The Wildcats jumped out to a 14-3 lead and led 22-13 after a first quarter where six of their eight made baskets came from beyond the arc. The Lady Vols started knocking down shots themselves in the second, making 11 of 18 (61.1%) to pull within 36-34 on a layup by Brooklyn Miles with 2:08 left.

But Hunt hit a 3, Walker scored on a layup and Benton capped the scoring with Kentucky’s ninth 3 of the half for a 44-37 lead at halftime. Harper was not happy at a no call on Kaiya Wynn’s final shot attempt just before the buzzer, talking to an official before heading off the court.

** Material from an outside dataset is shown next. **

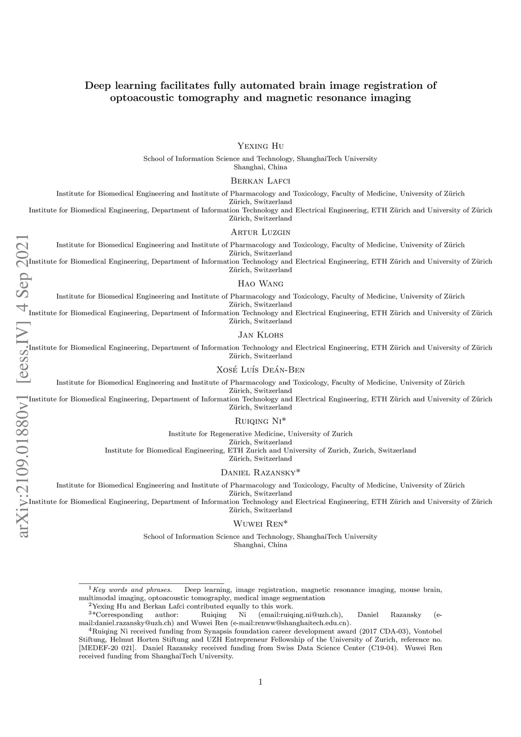 Multi-spectral optoacoustic tomography (MSOT) is an emerging optical imaging method providing multiplex molecular and functional information from the rodent brain. It can be greatly augmented by magnetic resonance imaging (MRI) that offers excellent soft-tissue contrast and high-resolution brain anatomy. Nevertheless, registration of multi-modal images remains challenging, chiefly due to the entirely different image contrast rendered by these modalities. Previously reported registration algorithms mostly relied on manual user-dependent brain segmentation, which compromised data interpretation and accurate quantification. Here we propose a fully automated registration method for MSOT-MRI multimodal imaging empowered by deep learning. The automated workflow includes neural network-based image segmentation to generate suitable masks, which are subsequently registered using an additional neural network. Performance of the algorithm is showcased with datasets acquired by cross-sectional MSOT and high-field MRI preclinical scanners. The automated registration method is further validated with manual and half-automated registration, demonstrating its robustness and accuracy.

Tennessee opened the third on an 8-2 run to get within 46-45. Howard started a 12-4 run for Kentucky with a three-point play, and the Wildcats led 61-53 at the end of the quarter. The Lady Vols got within 73-69 with 3:58 left, but Howard had 10 in the fourth to seal the win.

RECORD TIED

The Wildcats tied the SEC tournament mark for made 3s in a half. They went 9 of 15, matching the mark of nine made 3s Arkansas made in the second half against Vanderbilt on Feb. 28, 2018.

UP NEXT

Tennessee awaits the NCAA Tournament bracket announcement, hoping to host first- and second-round games in Knoxville.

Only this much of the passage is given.